The practice of capturing data in real-time from event sources like `databases`, `sensors`, `mobile devices`, `cloud services`, and `software applications` in the form of streams of events 

- durably stored for later retrieval  

- manipulate, process, and react to the event streams in real-time as well as retrospectively  

- route the event streams to different destination technologies as needed (e.g., **Spark**, Tableau) 

### What Kafka Does

`Kafka` is a system for managing logs 

Logs are organized into `topics`  

A topic is an ordered collection of events stored in **durable** way (written to disk and replicated)

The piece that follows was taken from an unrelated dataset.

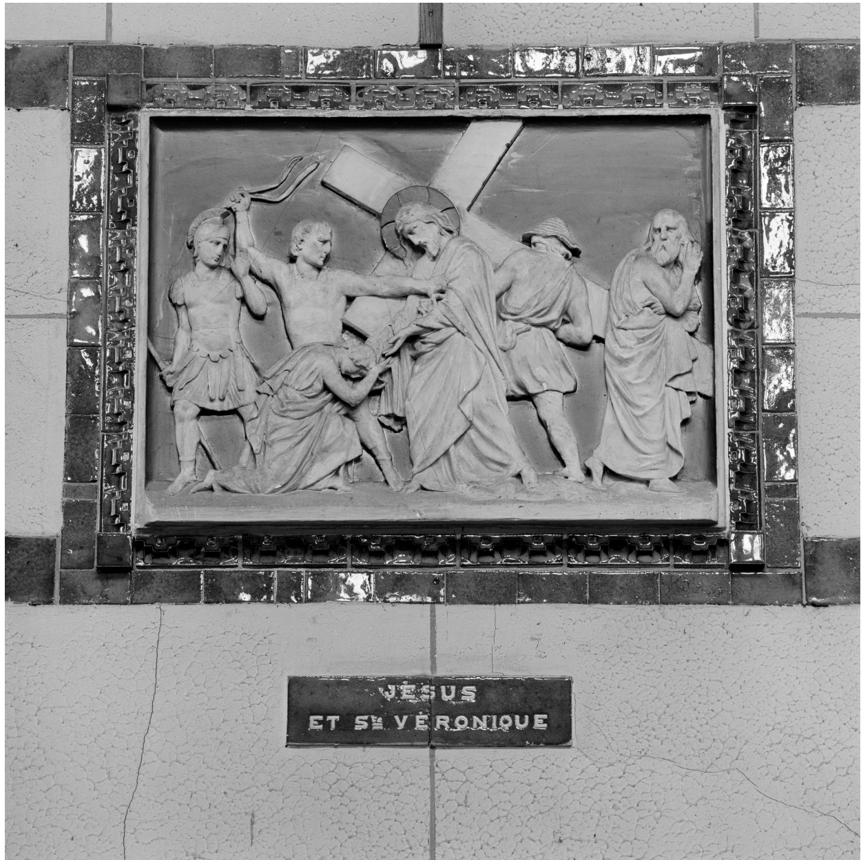
Station VI, Jésus essuyé par Sainte Véronique.

Topics can be small or enormous

Example: **Slack**. Topics are slotted into *channels*, and users can join a channel


### How Topics are Used

Write lots of small programs instead of large monolith  

Each service can talk to (consume) Kafka topics

Then produce the message to another Kafka topic

Now there's persistent data in streams

It is possible to build new services that use these streams

### The Old Publishing Model

The producers of content needed to track their consumers (who is signed up to receive Time magazine?)

Needs to be maintained over time, and scalability is a challenge

### The Pub/Sub Model uses Producers and Consumers

**Producers** are client applications that publish (write) events to various Kafka topics

**Consumers** are client applications that subscribe to (read and process) the events from topics of interest 

Producers and Consumers are fully decoupled and agnostic of each other...this allows the service to scale.  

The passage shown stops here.